What to produce -
Pictures must not appear; the answer is exactly the lines from the one that holds "Living roomThis apartment" through the end of the material.

Input data -
== Segment start ==

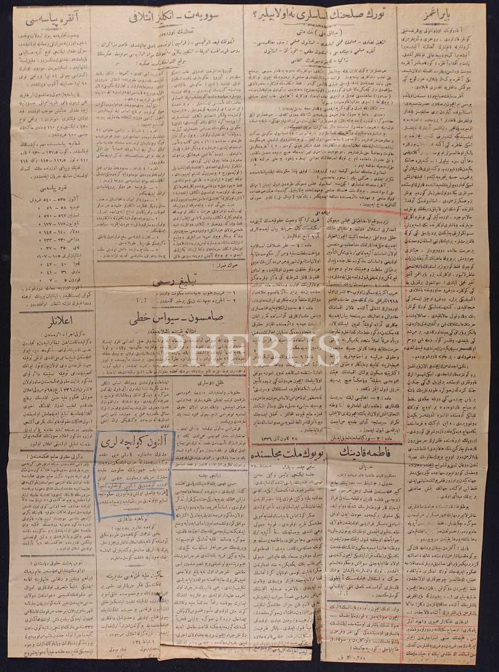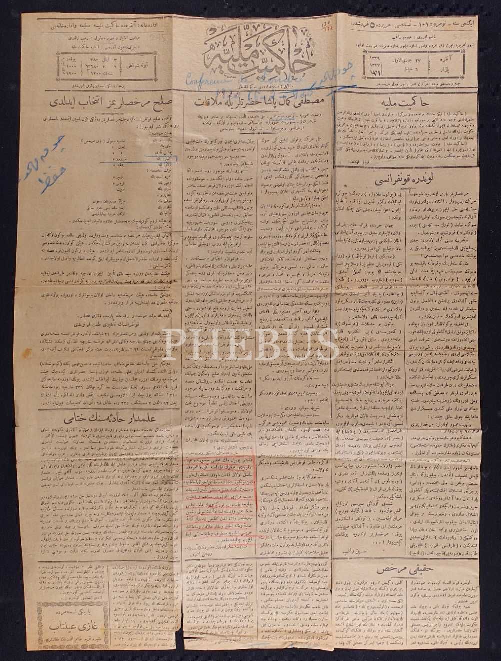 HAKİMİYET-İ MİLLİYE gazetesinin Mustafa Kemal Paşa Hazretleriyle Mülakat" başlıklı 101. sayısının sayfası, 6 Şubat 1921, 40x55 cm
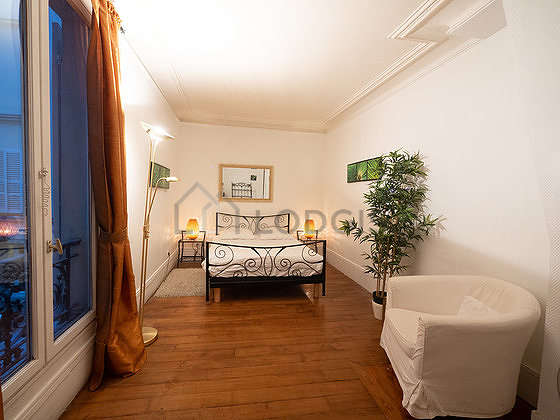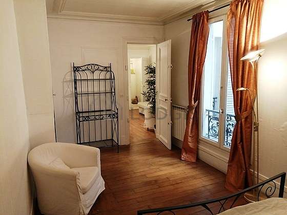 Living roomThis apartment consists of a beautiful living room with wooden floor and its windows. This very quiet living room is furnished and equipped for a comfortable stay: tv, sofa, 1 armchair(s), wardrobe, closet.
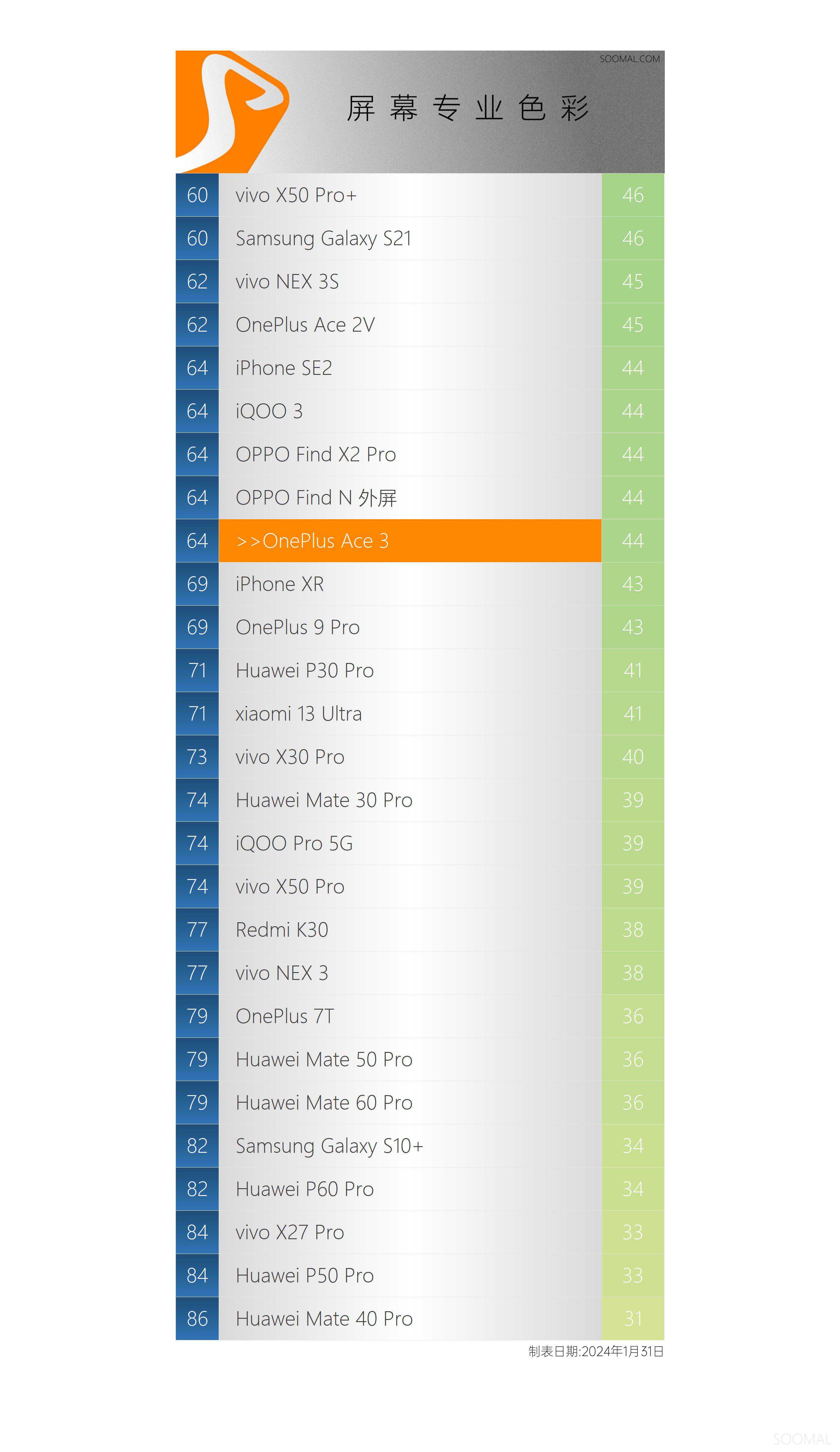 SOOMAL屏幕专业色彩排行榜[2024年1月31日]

== Segment end ==

Your solution -
 Living roomThis apartment consists of a beautiful living room with wooden floor and its windows. This very quiet living room is furnished and equipped for a comfortable stay: tv, sofa, 1 armchair(s), wardrobe, closet.
 SOOMAL屏幕专业色彩排行榜[2024年1月31日]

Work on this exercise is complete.